[Start of section]
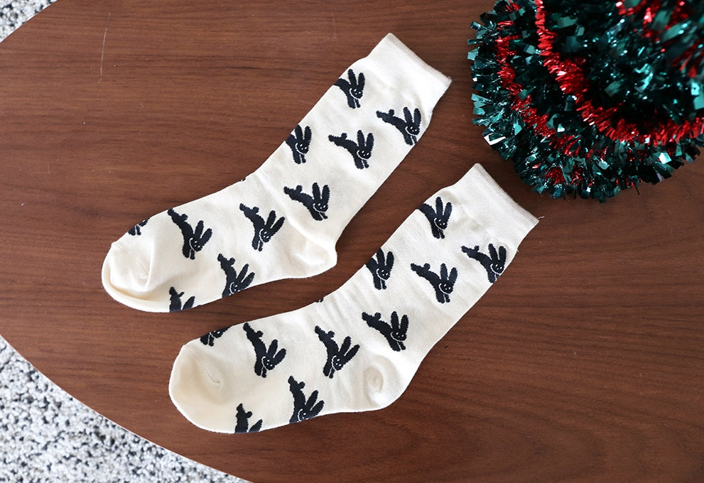 Korean trend socks, made of cotton blend. Fashionable socks for women and men, good for wear in couple. 100% made in Korea, accent look, wear for 4 seasons.
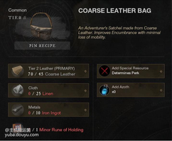 基础负重为200 在 10级、30级、45级会解锁额外的背包格,共三个 10级任务会给一个50负重的背包,也可以自己制作背包,最高一个背包增加300负重 背包制作(裁缝处) 皮革×45 布料×25 铁锭×10 符文×1 其中皮革、布料和铁锭都是T2的,需要加工台加工得到,符文可以从阵营商店购买。 负重超过上限,行动非常缓慢,也无法使用技能和躲避,可以把物品放在仓库,工作台制造的时候直接可以使用仓库中的物品 同阵营仓库互通,需要支付一些金币提取或使用其他城镇的物品。
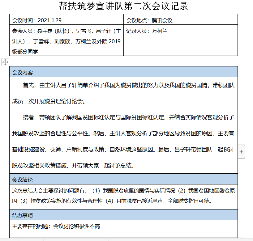 “帮扶筑梦”宣讲队召开脱贫理论讨论会
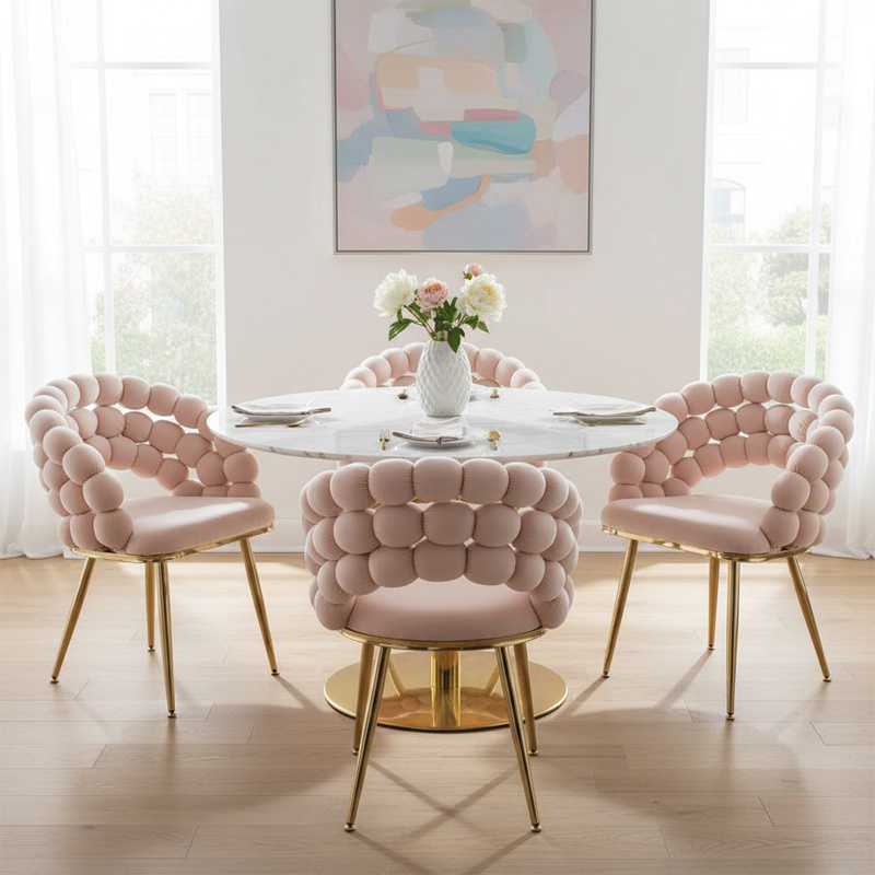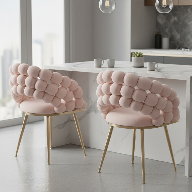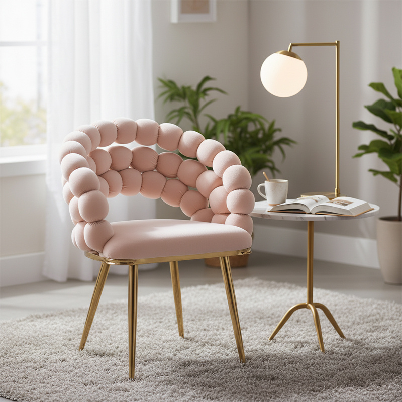 Oparcie w formie splecionych, miękkich kul przyciąga wzrok i dodaje wnętrzu unikalnego charakteru.
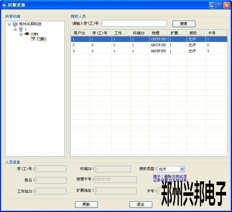 1.選擇終端,在右列表框中可顯示出該終端下的所有授權(quán)人員的名單。或者在請輸入學(xué)(工)號右邊的文本框中錄入所要更改權(quán)限的學(xué)工號,單擊搜索按鈕可在列表中查詢出該人員的授權(quán)信息。
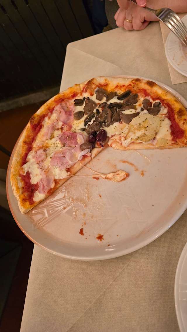 - Pomodoro di san marzano, fior di latte, carciofini, olive nere, funghi, prosciutto
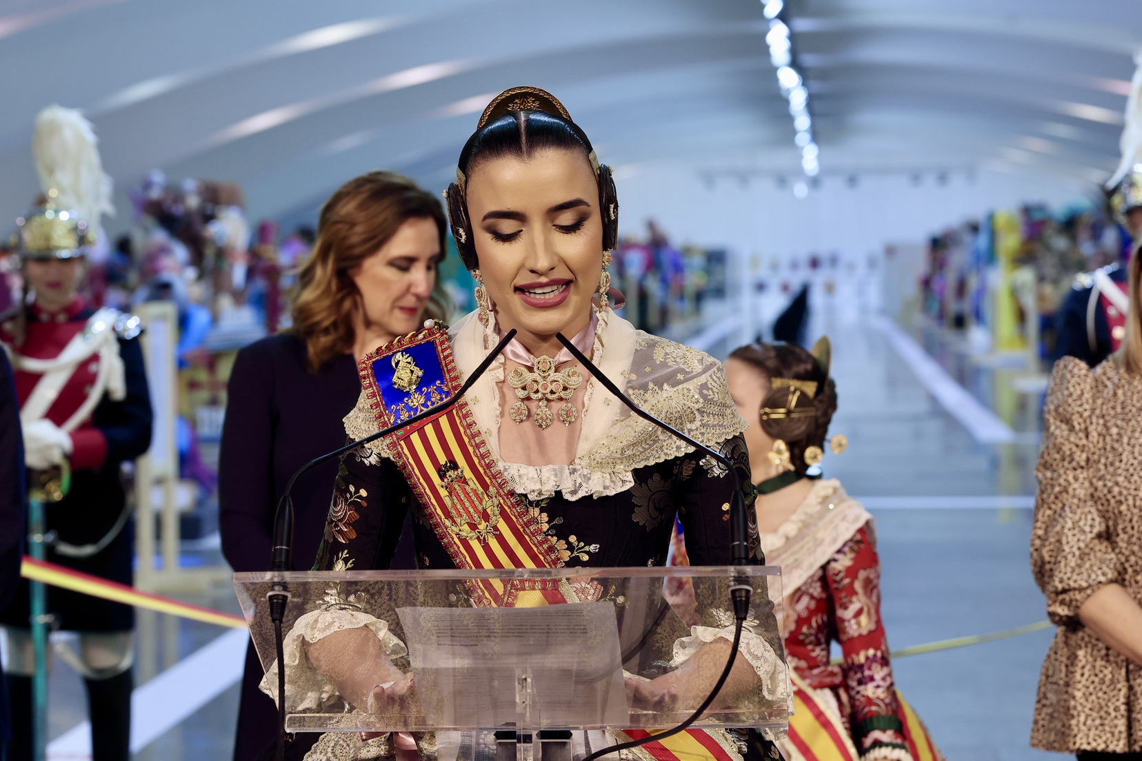 La Fallera Mayor de Valencia, Carmen Prades, visiblemente emocionada, quiso dedicar gran parte de su discurso a ensalzar el «oficio» y la «delicadeza» de los artistas. «Aquí no solo hay ninots; hay talento, hay horas de sueño perdidas y hay mucho corazón», señaló Prades, subrayando que la exposición es la manifestación artística más democrática y participativa que existe, donde el público tiene la última palabra sobre el destino de las obras.
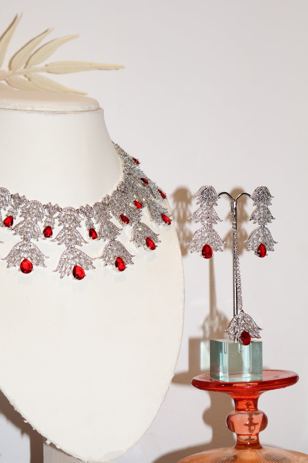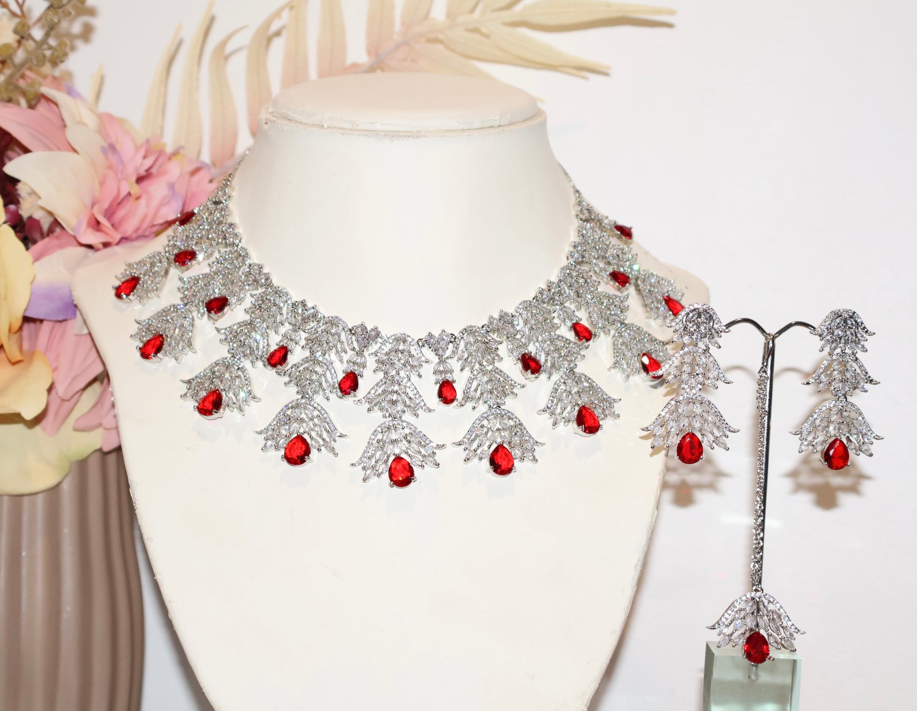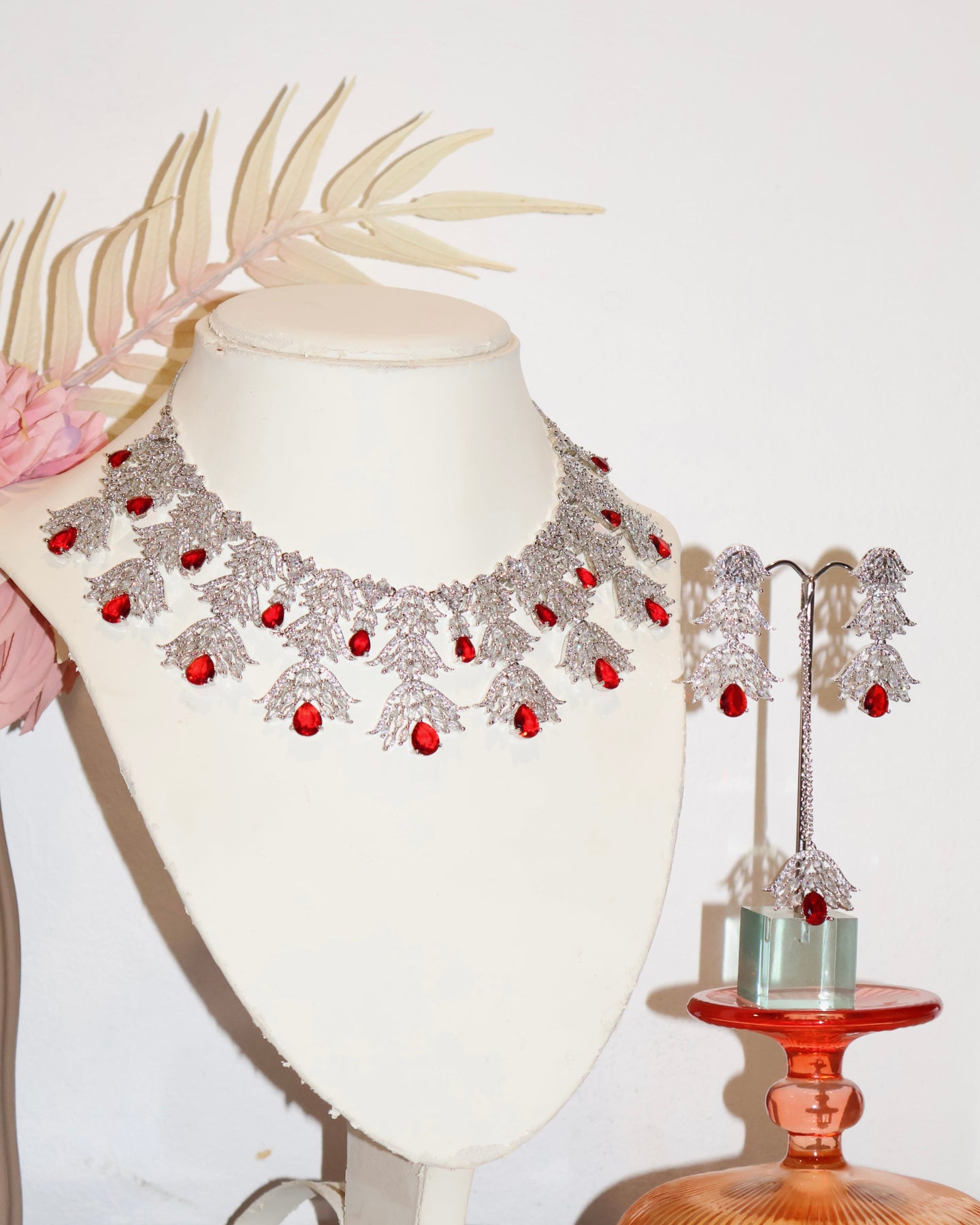 Presenting the Saathiya American Diamond Necklace Set, a radiant ensemble of South Asian jewellery. This exquisite piece showcases intricate handcrafted details, complemented by stunning cubic zirconia tones set against rhodium metal work. Elevate your style with the perfect blend of South Asian craftsmanship and timeless beauty. This necklace set is a true testament to cultural elegance, a must-have for those seeking refined and exquisite jewellery.
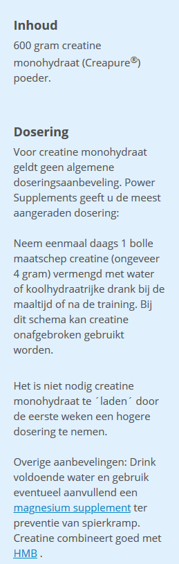 Mix 1 scoop (4g) into half a litre water or fruit juice (glucose, as found in certain fruit juices, enhances uptake and utilization of creatine monohydrate); for higher intakes, consult your qualified health care consultant.
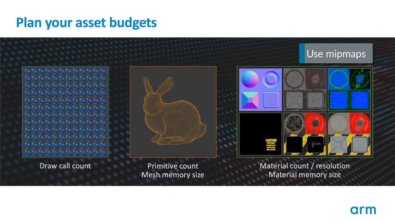 마지막으로, 머터리얼 세트가 있다. 이것은 배포 시에, 그리고 메모리 안에서의 텍스처 데이터를 관리하는 것을 주로 의미한다. 필요 텍스처 저장 공간은 아주 빠르게 커질 수 있다. 따라서, 머터리얼 갯수, 해상도, 그리고 오프라인에서의 압축을 사용하는 것이 여기에서는 모두 중요하다. 런타임에서의 효율을 위해 3D 오브젝트에서는 거의 항상 mipmap이 필요할 것이다. 그것이 메모리 공간을 약간 더 차지하지만 말이다.
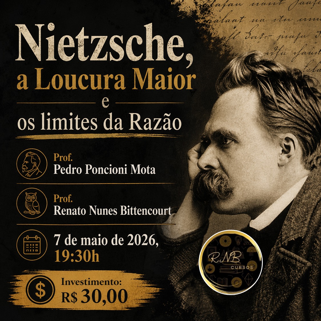 Palestra promovida pela RNB Cursos, 7 de maio de 2026, 19:30h
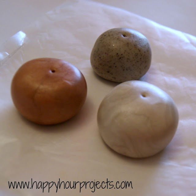 Check your package directions – Sculpey bakes at 275 F for 30 minutes per 1/4 inch (90 minutes total for these). But go by whatever your package tells you to, especially if you are using a different brand. I had three bases rolled out and ready to go in the amount of time it took my oven to preheat. Then, just let them bake while you play with your kids, clean your kitchen – whatever you need to work on for a while.
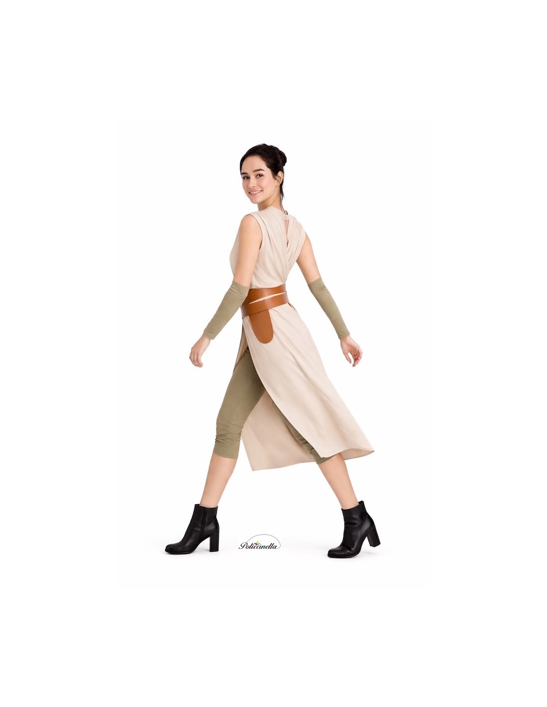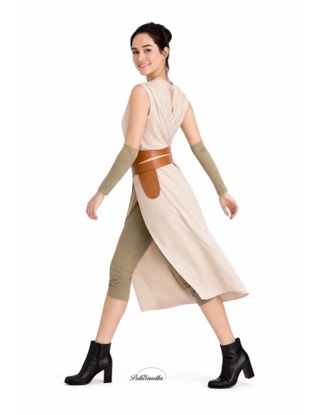 A design inspired by space adventure, made of soft semi-elastic machine-knitted fabric with a cotton-like effect that provides comfort and lightness. The V-neck t-shirt features two crossed pieces on the front to enhance the silhouette, held together by a polyester belt with a TNT base that provides structure and is fastened at the back with Velcro. The set includes matching pants with an elastic waist, an inner pocket, and elastic at the bottom for a comfortable fit at the knee. To complete the outfit, it comes with arm covers with elbow elastic that ensure a perfect fit. A well-made costume, practical and full of details that evoke strength and galactic style.
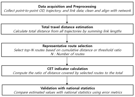 (Step 5) Output for CET Calculation: The final representative route set , obtained through this process is used as the input for CET calculation (Section 3.2) and subsequent VKT estimation.
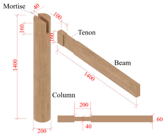 HHTMJ is crafted from Pinus kesiya var. langbianensis, a wood commonly employed in the ancient architecture of Tibetan areas in Yunnan. The average air-dry density of Pinus kesiya var. langbianensis was measured at 0.452 g/cm3, with an average moisture content of 13.3%. To determine the size of the HHTMJ used in this experiment, we referred to the HHTMJ in a Tusi Manor in the Tibetan areas of Yunnan. The column has a length of 1400 mm, a cross-sectional diameter of 200 mm, a beam section height of 160 mm, and a thickness of 60 mm, as illustrated in Figure 2. We designated the number of non-decayed specimens as ST-1 and specimens aged 6 to 24 weeks as ST-2 to ST-5.
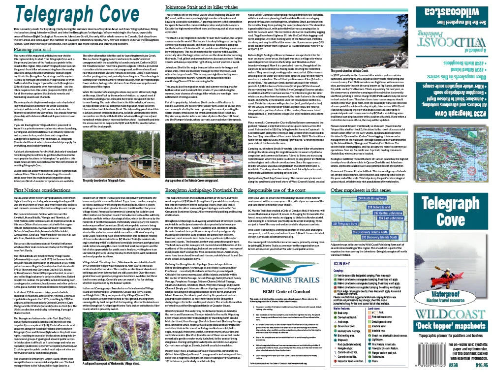 About this region: This mapsheet is intended for anyone departing from Telegraph Cove or Naka Creek into Johnstone Strait or the Broughton Archipelago. The attractions are killer whale watching near Robson Bight and heading into the picture-perfect island clusters of Broughton Archipelago Provincial Park. This mapsheet is newly updated for 2023 reflecting the latest in cultural sensitivities and other vital travel information.
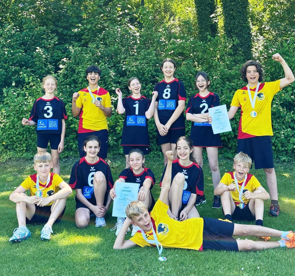 Gleich 2 Mannschaften unserer Schule waren am 23.05.24 bei den Regionalmeisterschaften der Unterstufe weiblich und Ministufe männlich dabei. Besonders erfreulich war, dass wir nach langer Pause wieder einmal eine Mädchenmannschaft stellen konnten. Für viele unserer Spieler*innen war dies das erste Antreten bei einem Faustball-Wettkampf, da beide Mannschaften nur mit wenigen erfahrenen Spielern antraten. Unsere Mannschaften zeigten tollen Teamgeist: die Erfahrenen unterstützten und pushten die Wettkampf-Neulinge. Schön zu beobachten war auch, dass so manche*r Schüler*in über sich hinauswuchs und Führungsqualitäten entwickelte. Am Ende dieses – für viele aufregenden – Tages verpassten wir leider mit beiden Teams (Ministufe männlich 2. Platz und Unterstufe weiblich 5. Platz) die Qualifikation für die Landesmeisterschaften, jedoch fuhren wir mit vielen positiven Eindrücken und hochmotiviert für zukünftige Wettkämpfe nach Hause.
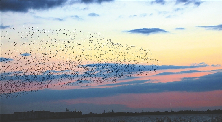 成群的越冬候鸟在河北衡水湖畔“集结”,上演“鸟浪”奇观。衡水滨湖新区管委会供图
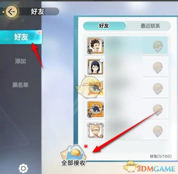 3、完成赠送后,继续点击全部接收即可一键领取好友赠送的友情币;
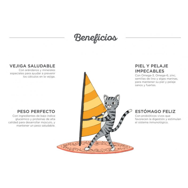 Harper And Bone Esterilizado Ocean Wonders. Pienso seco bajo en cereales para gatos adultos esterilizados compuesto de productos del mar, lo que supone un aporte proteico de atún, pescado blanco y salmón, además de verduras y frutas frescas. Se trata de un alimento que contiene taurina, además de probióticos, que resulta ideal para el mantenimiento de unos huesos y unos dientes fuertes. Receta con L-carnitina ideal para el control del peso y el cuidado del sistema urinario. Contiene EPA y DHA, que contribuyen al desarrollo del cerebro y la visión.
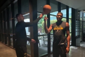 湖人向球员们发起了指尖转球挑战,里夫斯的转球时间最长,东契奇搞怪破坏了八村塁的转球。
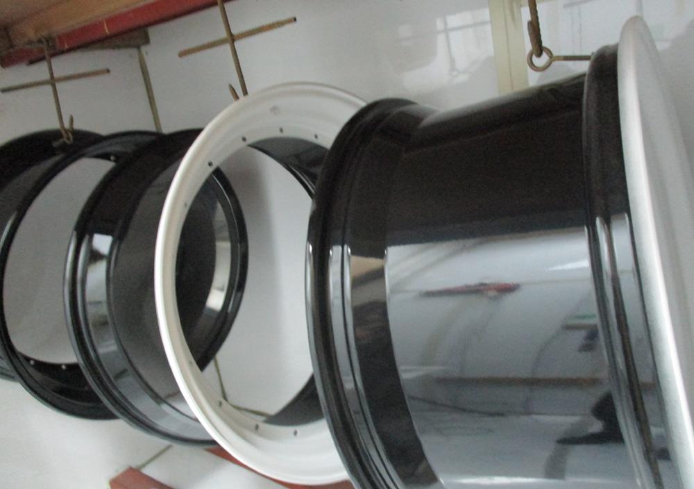 センターディスクの塗装までの下処理として1・塗装剥離~2・ブラスト研磨~3・ハンドアクション研磨~4・バレル研磨~5・化成処理~とこちらも念入りに下処理をしています。塗装は下処理が命です。
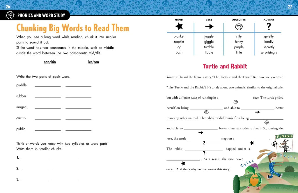 Reluctant learners will love the interactive activities within the workbook, and fans of Mad Libs will be delighted to play their favorite fill-in-the-blank word game at the end of each phonics, writing, and vocabulary lesson.
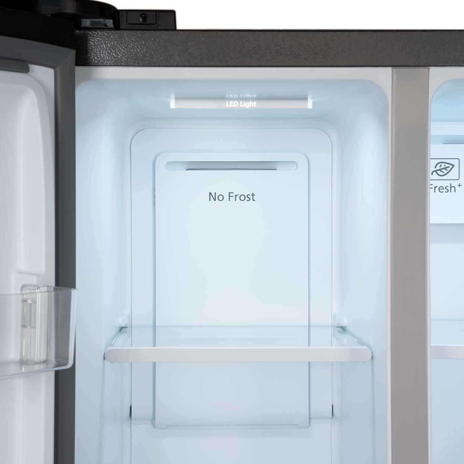 This American style fridge freezer delivers on space and features to help keep your food fresher for longer. The side-by-side design provides a spacious fridge and freezer, perfect for the larger family home. The freezer features Total No Frost technology, which keeps your items fresh, with no need to defrost. In both the fridge & freezer, you’ll enjoy 3 adjustable shelves, so you can fit any item inside, while the fridge section is complete with a salad crisper that keeps your fruit and veg fresh. The internal control panel makes choosing your cooling level quick and easy, while the child lock prevents little fingers making any changes.
[End of section]
Problem to work on:
Using the entries above, transcribe exactly from the line that has "Presenting the Saathiya" through the line that has "A design inspired". Pictures are dropped.

Answer space:
 Presenting the Saathiya American Diamond Necklace Set, a radiant ensemble of South Asian jewellery. This exquisite piece showcases intricate handcrafted details, complemented by stunning cubic zirconia tones set against rhodium metal work. Elevate your style with the perfect blend of South Asian craftsmanship and timeless beauty. This necklace set is a true testament to cultural elegance, a must-have for those seeking refined and exquisite jewellery.
 Mix 1 scoop (4g) into half a litre water or fruit juice (glucose, as found in certain fruit juices, enhances uptake and utilization of creatine monohydrate); for higher intakes, consult your qualified health care consultant.
 마지막으로, 머터리얼 세트가 있다. 이것은 배포 시에, 그리고 메모리 안에서의 텍스처 데이터를 관리하는 것을 주로 의미한다. 필요 텍스처 저장 공간은 아주 빠르게 커질 수 있다. 따라서, 머터리얼 갯수, 해상도, 그리고 오프라인에서의 압축을 사용하는 것이 여기에서는 모두 중요하다. 런타임에서의 효율을 위해 3D 오브젝트에서는 거의 항상 mipmap이 필요할 것이다. 그것이 메모리 공간을 약간 더 차지하지만 말이다.
 Palestra promovida pela RNB Cursos, 7 de maio de 2026, 19:30h
 Check your package directions – Sculpey bakes at 275 F for 30 minutes per 1/4 inch (90 minutes total for these). But go by whatever your package tells you to, especially if you are using a different brand. I had three bases rolled out and ready to go in the amount of time it took my oven to preheat. Then, just let them bake while you play with your kids, clean your kitchen – whatever you need to work on for a while.
 A design inspired by space adventure, made of soft semi-elastic machine-knitted fabric with a cotton-like effect that provides comfort and lightness. The V-neck t-shirt features two crossed pieces on the front to enhance the silhouette, held together by a polyester belt with a TNT base that provides structure and is fastened at the back with Velcro. The set includes matching pants with an elastic waist, an inner pocket, and elastic at the bottom for a comfortable fit at the knee. To complete the outfit, it comes with arm covers with elbow elastic that ensure a perfect fit. A well-made costume, practical and full of details that evoke strength and galactic style.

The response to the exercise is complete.